Phoenix’s exposure model is the most severe: while the other platforms gate the data layer even when registration is open, Phoenix exposes project names and user account metadata unauthenticated, requiring no account creation step at all.

Disclosure Pipeline

Finding	Tier	Recommended action
Northeastern University	HIGH (FERPA-class)	oirc@northeastern.edu
SENAI Brazil	HIGH (LGPD-class)	CERT.br + SENAI IT
`37.27.248.144` (21 projects)	HIGH (operator unknown)	Vendor mediated via Arize
Scaleway Paris cluster (7)	MEDIUM	Profiling first, then per-tenant
Google Cloud cluster (7)	MEDIUM	Profiling first
41 total PROJECTS_UNAUTH	UPSTREAM	Arize: change default to auth-required for `/v1/projects` and `/v1/users`

The upstream remediation is the highest-leverage. Arize Phoenix currently ships with PHOENIX_ENABLE_AUTH defaulting to false. A one-line config change protects the entire population.

Remediation (per-operator)

# Phoenix environment:
PHOENIX_ENABLE_AUTH=true
PHOENIX_SECRET=<strong-random-secret>

Verify:

curl http://IP:6006/v1/projects
# Expected: 401 or 403, NOT a populated data array

Toolchain Provenance

Step 0:    shodan download '"Phoenix" port:6006' (89 records)
Step 0c:   IP extraction → ip-port.txt (89 unique)
Step 1b:   herald -platform phoenix < ip-port.txt
           - probe id projects_unauth: /v1/projects array_nonempty
           - probe id users_unauth: /v1/users array_nonempty
           - probe id health_open: /healthz body_contains "OK"
Step 3v:   Endpoint semantics verified against Arize/phoenix v6.x source
Step 12b:  This document

Tool: herald v0.1.1 (github.com/nuclide-research/herald). Phoenix config added with three probes covering the LLM02-class disclosure surface.

Research Contribution

Phoenix is the third same-day platform survey (after Langfuse and RAGFlow).
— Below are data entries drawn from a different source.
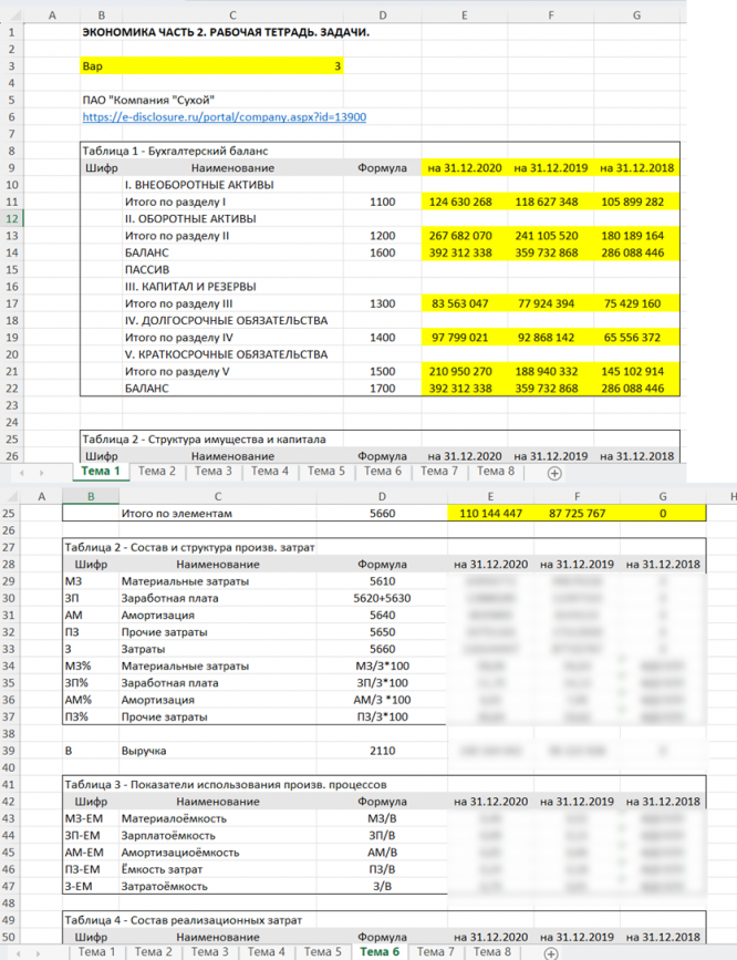 Решено все 8 тем в виде Excel-таблицы. Для варианта 3 (ПАО "Компания "Сухой"). Можно переделать под любой вариант, заменив данные в жёлтых ячейках, всё пересчитается автоматически.
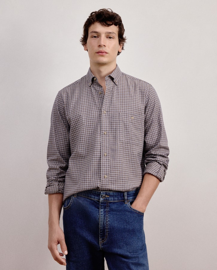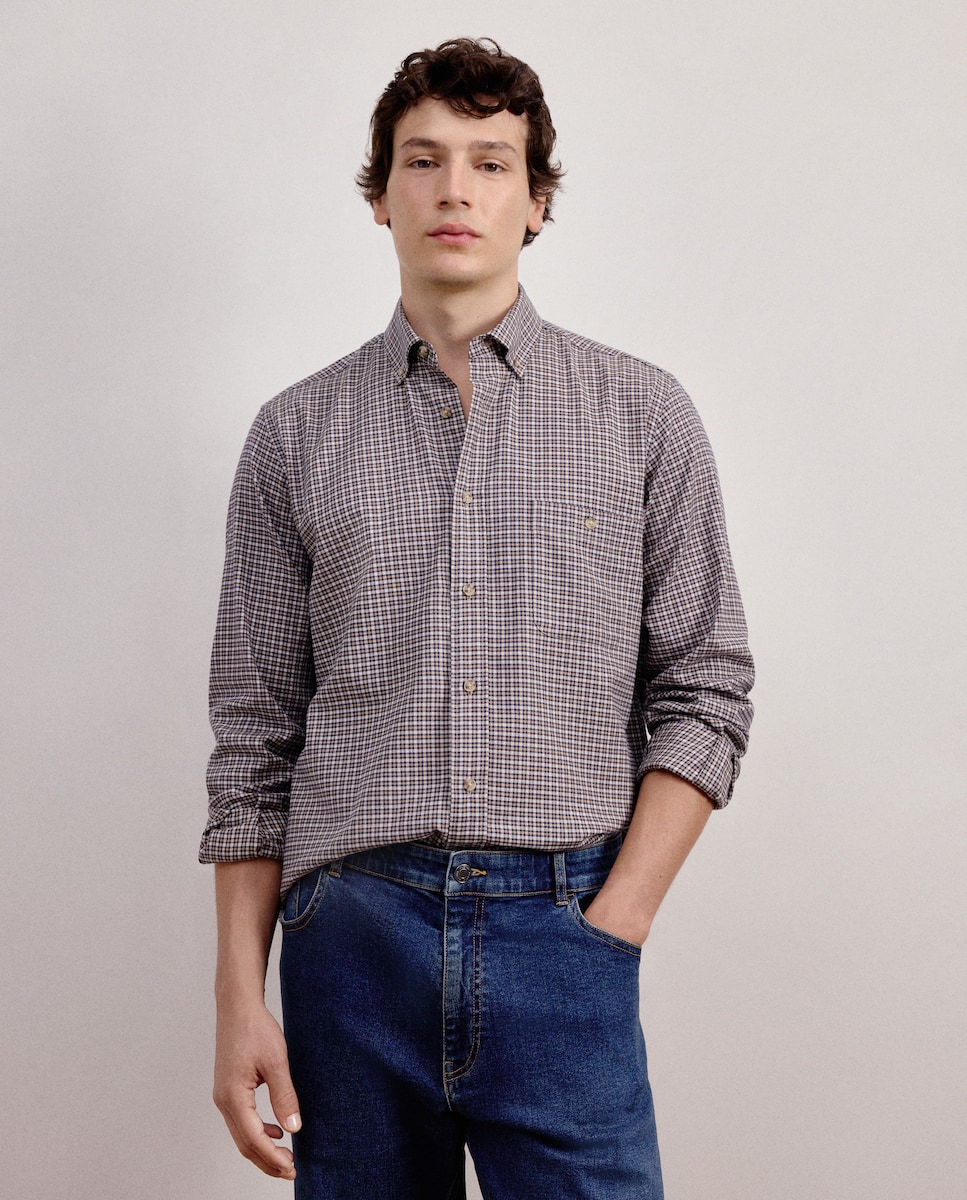 Camisa Villela aos Micro Quadrados com Manga Comprida e Padrão Clássico.
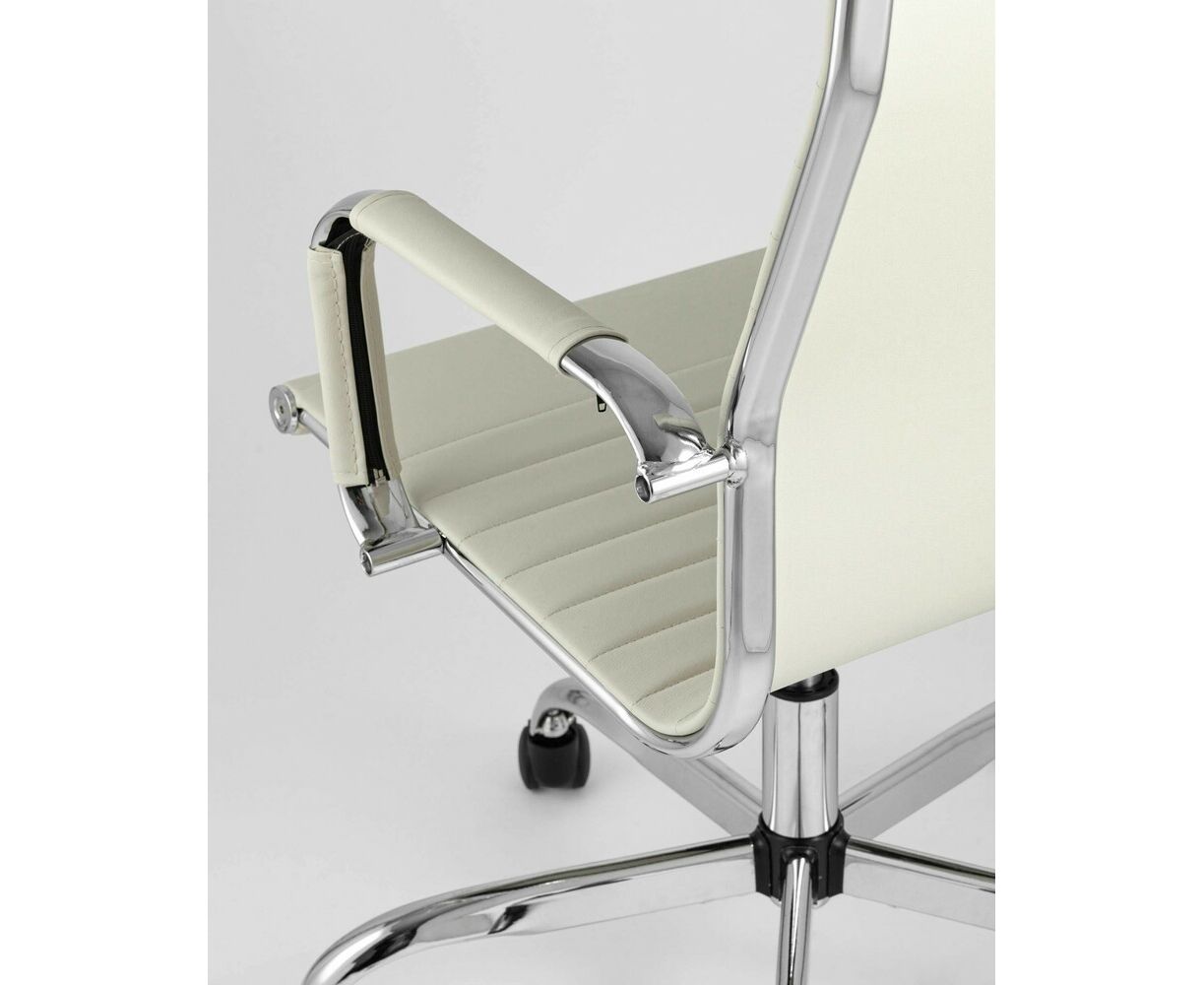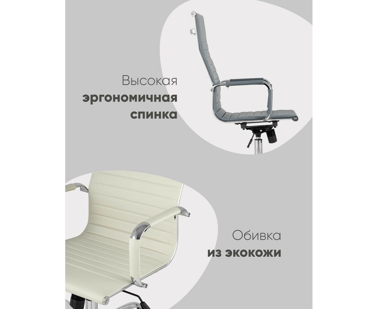Сиденье и спинка кресла изготовлены из экокожи. Этот же материал используется для чехлов на подлокотниках. Крестовина и подлокотники выполнены из хромированного металла.

Unlike the registration-flag findings, Phoenix surfaces a direct data-layer disclosure: the platform’s default deployment exposes the actual data model (projects, users) without any auth step. This maps cleanly to OWASP LLM Top 10 (2025) entry LLM02 Sensitive Information Disclosure, which jumped from #6 to #2 in the 2025 revision specifically because of incidents like this — enterprise AI deployments leaking observability data publicly.

The Phoenix population is also the smallest of the three (89 vs 1,140 vs 1,905), suggesting either a more sophisticated user base who hardens by default, or a less mature deployment cycle where many operators still run development instances unauthenticated. The 74.5% PROJECTS_UNAUTH rate suggests the latter.

The three-platform same-day corpus (Langfuse 88.9%, RAGFlow 87.2%, Phoenix 74.5%) is a strong empirical baseline for the auth-permissive-default cohort hypothesis (Candidate Insight #76).